Since the 2011 Tōhoku earthquake and Fukushima nuclear accident, Breakthrough's energy work has focused heavily on the future of nuclear energy. Along with a growing cohort of scientists, journalists, philanthropists, and other observers, we have made the case that energy abundance will require cheap, safe, and reliable nuclear energy. Toward that end, Breakthrough has been a leading advocate for innovation in advanced nuclear designs and business models.
In 2015, we published "Nature Unbound," Breakthrough's comprehensive framework for decoupling human well-being from natural resource use. As global population grows from 7 billion today to 10 or 11 billion by the end of the century, decoupling, we argue, is the precondition for successful global conservation.

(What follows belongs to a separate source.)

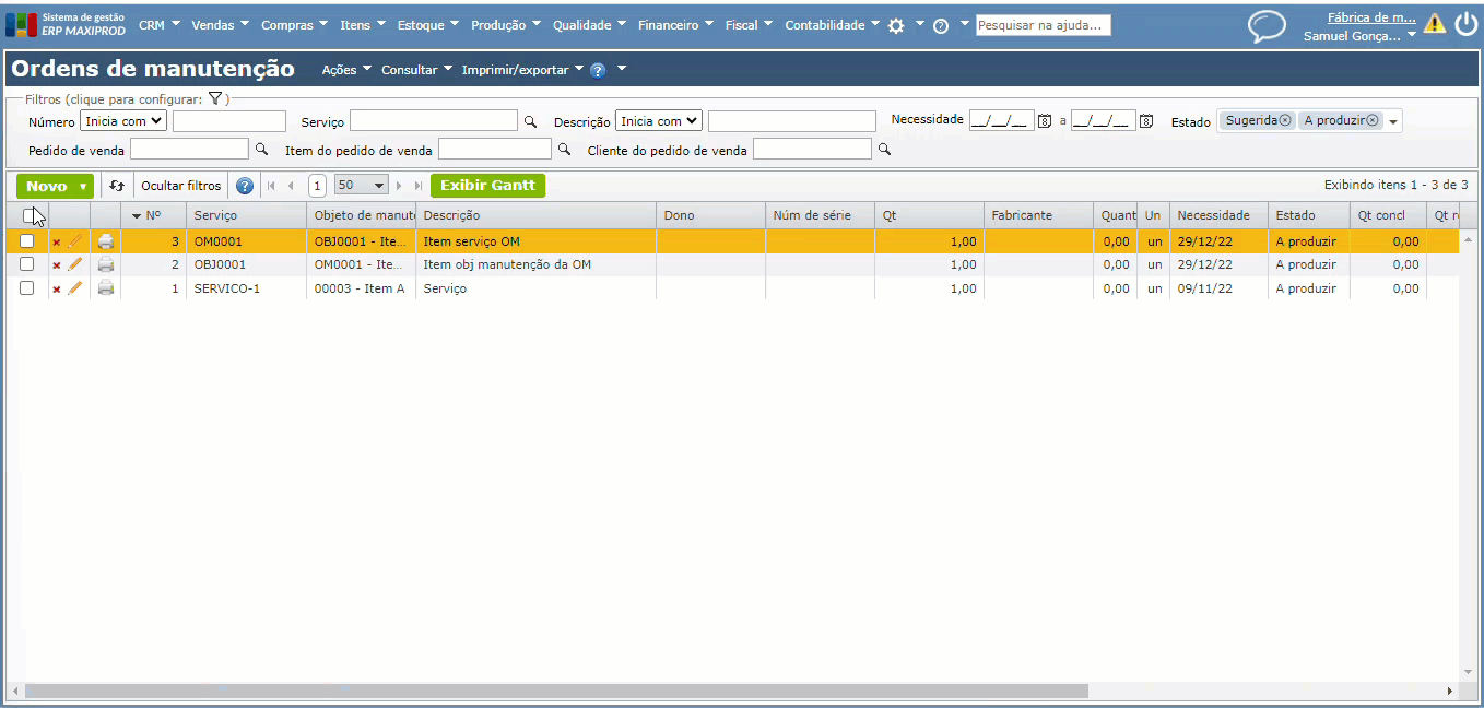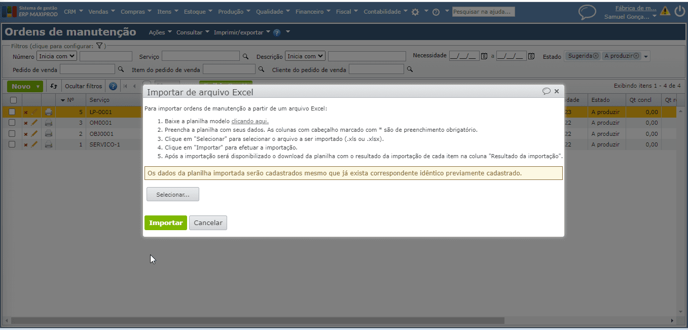 O vídeo (YouTube) abaixo mostra a emissão de ordens de manutenção no ERP MAXIPROD:

Because of the outsized impact that global food systems have on both conservation and climate challenges, in 2016 Breakthrough launched a food and farming program to offer new ways of thinking about agricultural innovation and policy. In particular, we have made the case for industrial food systems. Large-scale industrial food systems are more land-, water-, and GHG-efficient than small scale low-intensity farming, and are better able to harness technology to increase land productivity.
Breakthrough remains a work in progress. We continue to engage friends, partner organizations, critics, and supporters to help us better understand and articulate a new environmentalism for the 21st century. We've defined this new school of thought as ecomodernism, a movement built on decoupling environmental impact from human well being. In 2015, 19 coauthors, including several Breakthrough representatives, published An Ecomodernist Manifesto, which laid out this new environmental vision and sparked a debate about the future of environmentalism that continues today.
For over a decade, we hosted the annual Breakthrough Dialogue in Sausalito, California. Since 2024, we organize and co-host the annual Abundance Conference in Washington, D.C.